- WHAT TO PRODUCE -
In the records below, the line with "Muu(t) tekijä(t): Anni" and every line after it must be written out exactly; no pictures belong in the result.

++++++++

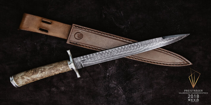 Gesamtlänge: 320 mm Klingenlänge: 195 mm Klingenstahl: handgeschmiedeter Mehrlagenstahl mit Nickel-Zwischenschicht Griffmaterial: stabilisierte stockige...
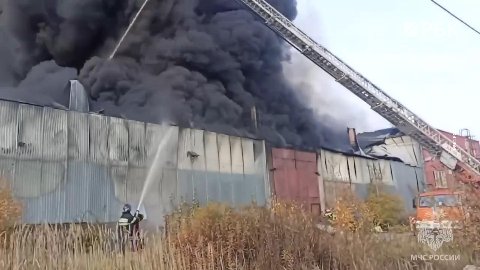 Крупный пожар начался на складе в Новосибирске, вызван пожарный поезд
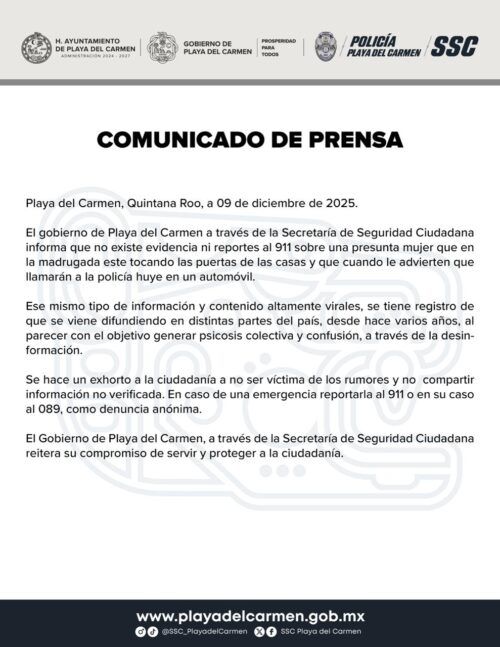 Playa del Carmen.— El Gobierno de Playa del Carmen, a través de la Secretaría de Seguridad Ciudadana, informó que no existe evidencia ni reportes al 911 relacionados con una supuesta mujer que, durante la madrugada, estaría tocando puertas de viviendas y huyendo en un automóvil cuando los habitantes amenazan con llamar a la policía.
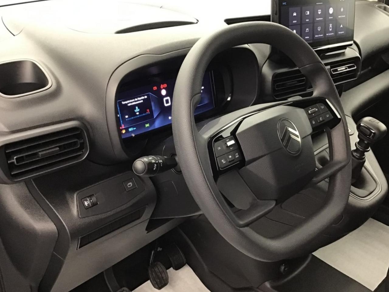 2 ports USB-C6 anneaux d'arrimage en zone de chargementAide au démarrage en côteAide au stationnement arrièreAirbag frontal conducteurAirbag passager avec airbags latéraux et rideaux avantAllumage automatique des projecteursApplication radio avec streaming audio (2HP)Appuis-tête passager réglable en hauteurBoîte à gant ouverte en partie basseBoîte à gants fermée et réfrigérée en partie hauteCapucineClimatisation manuelleCloison pleine fixeCommutation automatique des feux de routeCondamnation centralisée avec 1 plip HF + 1 cléConnect Box avec Pack SOS et assistance inclusContrôle dynamique de conduite (ESP) avec fonction anti-patinage (ASR)Détecteurs de sous-gonflageEssuie-vitre avant avec système de lavage 'Magic Wash'Jantes tôle 16" grises avec cabochonKit de dépannage provisoire de pneumatiquesKit mains libres BluetoothLève-vitres avant électriquesPack SafetyPeinture opaque Blanc IcyPneumatiques 205/60 R16Porte latérale droite coulissante tôléePortes arrières battantes tôlées 60/40 avec ouverture à 180°Preventive Maintenance (abonnement 4 ans inclus)Prise 12 V sur planche de bordRégulateur et limiteur de vitesseRétroviseurs extérieurs réglables électriquement et dégivrantsRevêtement moquette dans l'habitacleSellerie tissu Curitiba Triton MeltemSiège conducteur avec réglage en longueur et dossier inclinableSiège passager réglable en inclinaisonStation d'accueil pour smartphone compatibleSystème antiblocage des roues (ABS) & Assistance au freinage d'urgence (AFU)Volant multifonctionsVolant réglable en hauteur et en profondeur
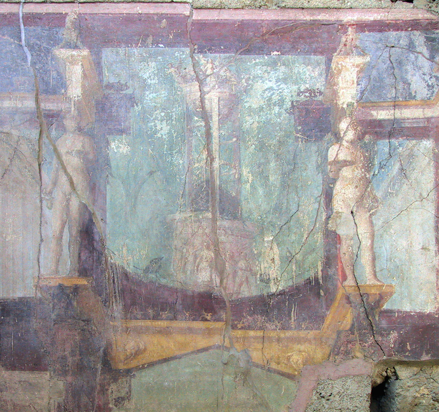 Wall-painting depicting a lowered curtain revealing an Apollonian Tripod with winged Victories emerging from it, Casa del Criptoportico, Pompeii
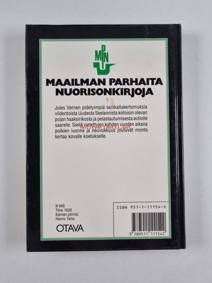 Muu(t) tekijä(t): Anni SwanSarja: Maailman parhaita nuorisonkirjojaAlkuteos: Deux ans de vacancesAsiasanat: haaksirikot, nuortenkirjallisuus, seikkailukirjallisuus, autiot saaret, robinsonadit
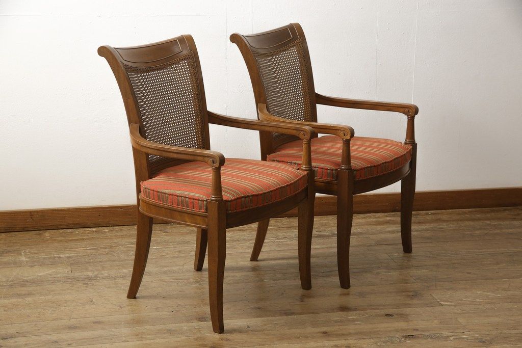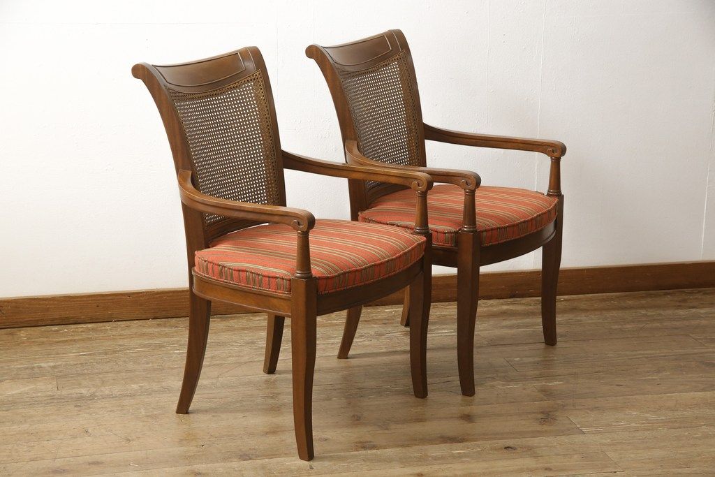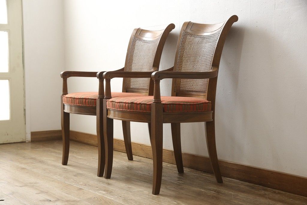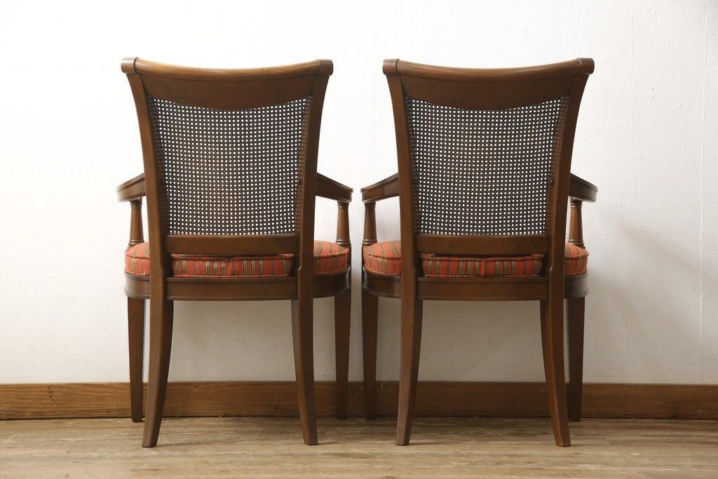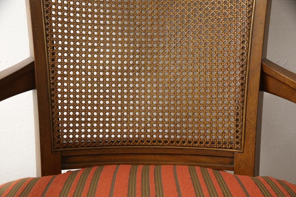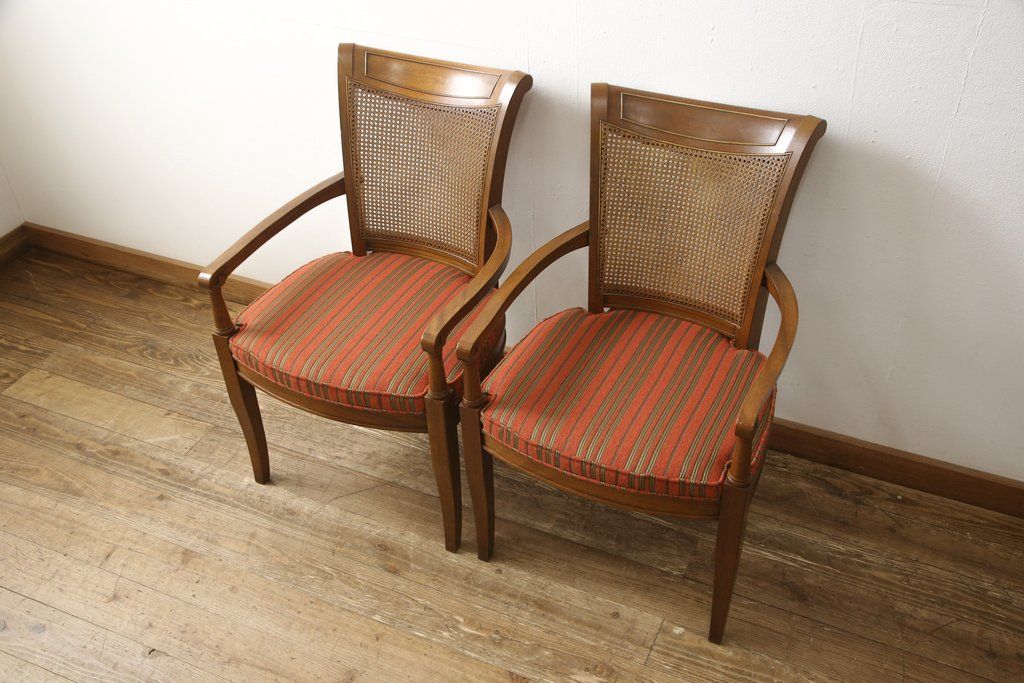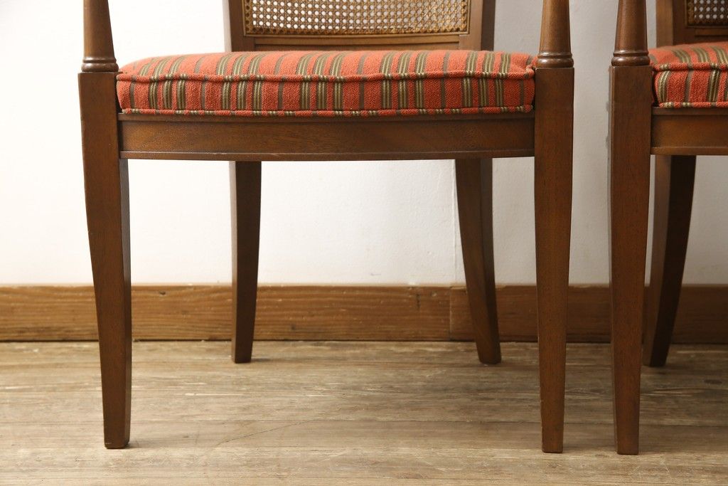椅子・ベンチ> アームチェア > ダイニングチェア6脚セットをリペア&カスタム!座面をご希望の生地に張り替え。同生地・同系色の生地にてパイピングを取付け。(イス、椅子、アームチェア)
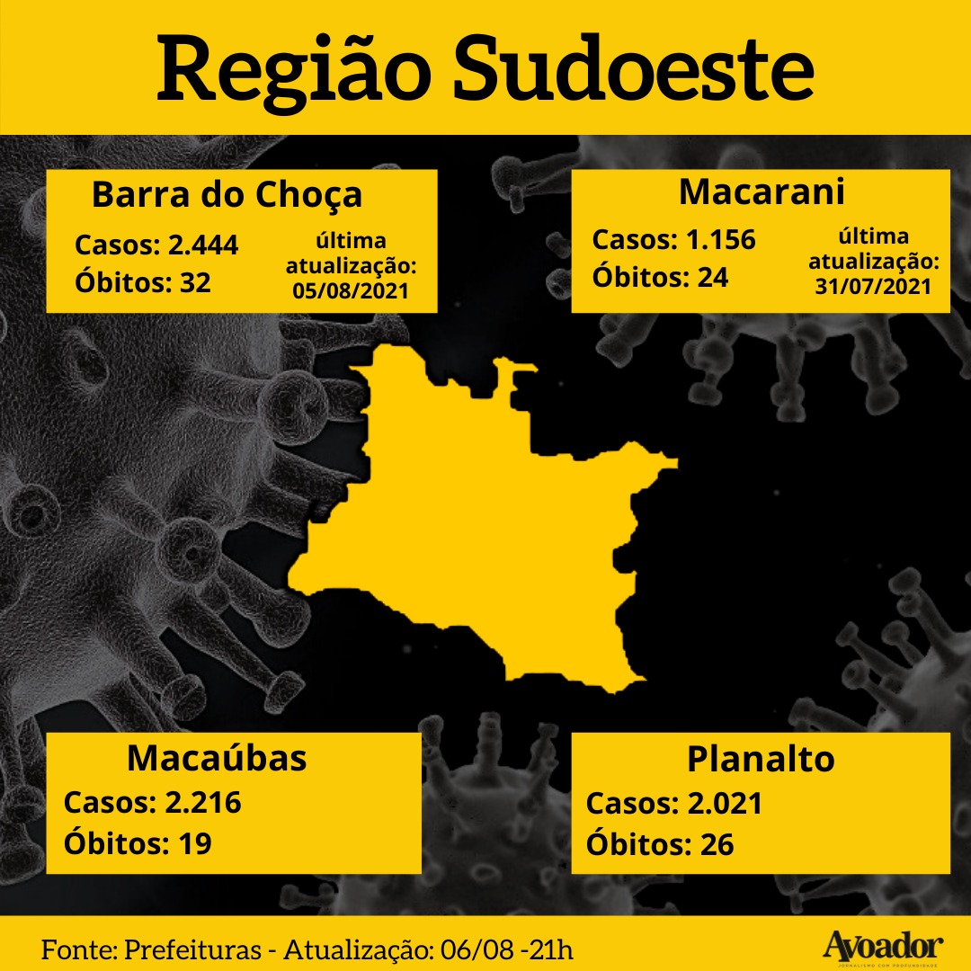 Confira a atualização dos números da covid-19 desta sexta-feira, 6 de agosto de 2021 6 de agosto de 2021 Beatriz OliveiraNesta sexta-feira (06/08), uma mulher de 77 anos, moradora do bairro Boa Vista, foi a vítima fatal da covid-19 em Vitória da Conquista. Com mais essa morte, a cidade chega a 591 vidas perdidas para a doença. De acordo com o Boletim Epidemiológico da Secretaria Municipal de Saúde, a vítima estava internada no hospital Samur, onde faleceu nesta sexta-feira (06).

++++++++

- TASK ANSWER -
 Muu(t) tekijä(t): Anni SwanSarja: Maailman parhaita nuorisonkirjojaAlkuteos: Deux ans de vacancesAsiasanat: haaksirikot, nuortenkirjallisuus, seikkailukirjallisuus, autiot saaret, robinsonadit
椅子・ベンチ> アームチェア > ダイニングチェア6脚セットをリペア&カスタム!座面をご希望の生地に張り替え。同生地・同系色の生地にてパイピングを取付け。(イス、椅子、アームチェア)
 Confira a atualização dos números da covid-19 desta sexta-feira, 6 de agosto de 2021 6 de agosto de 2021 Beatriz OliveiraNesta sexta-feira (06/08), uma mulher de 77 anos, moradora do bairro Boa Vista, foi a vítima fatal da covid-19 em Vitória da Conquista. Com mais essa morte, a cidade chega a 591 vidas perdidas para a doença. De acordo com o Boletim Epidemiológico da Secretaria Municipal de Saúde, a vítima estava internada no hospital Samur, onde faleceu nesta sexta-feira (06).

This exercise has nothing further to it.